Figure 1.2 Board Overview (KV-32LS65AUS) 4

Chapter 2 Power Supply Circuit
2.1 Power Supply Block Overview
The primary power supply on the AE-6B chassis G board consists of three parts: 1. Oscillator 2. Output stage 3. Regulator Stage The oscillator starts up to produce an initial signal for the output stage. The output stage develops voltage to continue running the oscillator stage, supply the regulating stage and provide normal output for the TV. One of the normal TV outputs is used to start the secondary power supply.

Oscillator Start Up
The oscillator within IC6001 starts if the VSENSE input voltage at pin 1 is above 1.3 VDC but less than 8 VDC. The block diagram of IC6001 is shown in Figure 2.4. Sample voltage from pin 18 is then used to run the internal oscillator. The initial frequency is approximately 230 kHz. The low amplitude initial oscillator signal is output IC6001 / pins 12 and 16 into the driver/output stage.
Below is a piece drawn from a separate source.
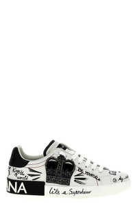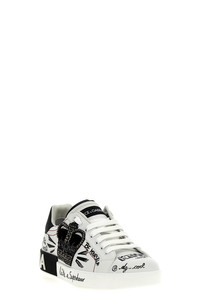 cod. CS1760A9AG189697 'Portofino' leather sneakers with hand-painted lettering and side jewel detail, lace-up closure, logo rubber sole. Color: White/Black Size & Fit: EU MEN Composition: 100% calfskin leather (Bos Taurus) Made in: Italy

Figure 2.1 Power Supply Block Overview

2.2 Function Overview
The main power supply diagrams in AE-6B chassis are shown as Figure 2.2 and Figure 2.3. It is similar to FE-2 and LE-3 chassis. Meanwhile, the power supply circuit for AE-6B and AE-6D chassis is almost similar. The difference is there is an additional G1 board in AE6D chassis.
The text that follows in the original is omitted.